The Joy of Learning by Richard O’Neill
13th April 2017
Master Storyteller and award-winning children’s author Richard O’Neill on why he believes learning through story is so joyful!
When I was growing up, many of my older relatives had no or very low levels of literacy. However they were very gifted storytellers and through story they taught us a whole raft of skills, particularly ‘Oracy’, which many experts now believe is the key to developing literacy. That was certainly the case in our family, particularly in the days when children went straight into primary school at 5 years old without the benefit of nursery, or even a play group, as a result of which, many floundered. Storytelling teaches many other useful skills, including listening, imagination and memory. Storytelling can also embed values and qualities, like wisdom, honesty and courage.
It also encourages children to experience a wide range of cultures and lifestyles allowing them to share the experiences of others, whilst also allowing them to celebrate their own culture and family experiences in a positive way.
Storytelling allows children to ask questions and challenge the decisions and behaviour of characters, allowing them to develop confidence in their own voice and better understand their own place in the world.

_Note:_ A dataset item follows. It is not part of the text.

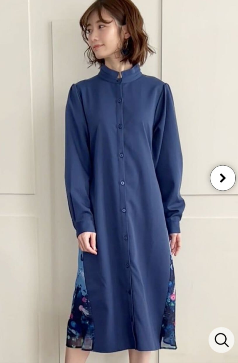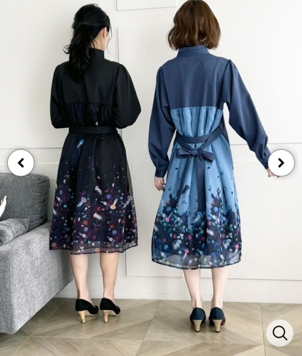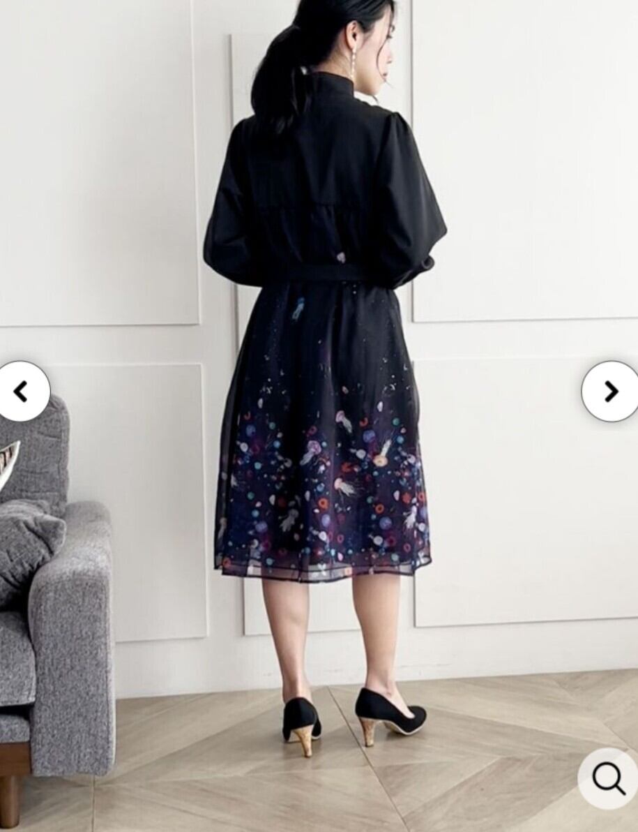フロントはキチンと感があって、バックスタイルは幻想的なクラゲ達が描かれた前開きワンピース。無地部分は光沢のある布帛生地を使用し、バックにはシフォンと変色チュールを重ね合わせた2枚仕立てになってます。ウェストにはとも布のベルトが付いているのでギュッと結んでシルエットに変化をもたせてもgood。

Storytelling skills are very much 21st-century skills and not only for preparing children for the next education key stage, but also for life in general. They certainly aren’t just for children either; many settings are benefiting from using story as part of their organisational narrative.
I really enjoy teaching, or should I say re-teaching adults (especially those in education), how to tell stories. Seeing them re-connect and having the confidence to tell stories with the children they work with, is truly joyful!
I can’t wait to work with people at Childcare Expo Manchester in June during my workshop on Saturday 17th June. I hope to see you there.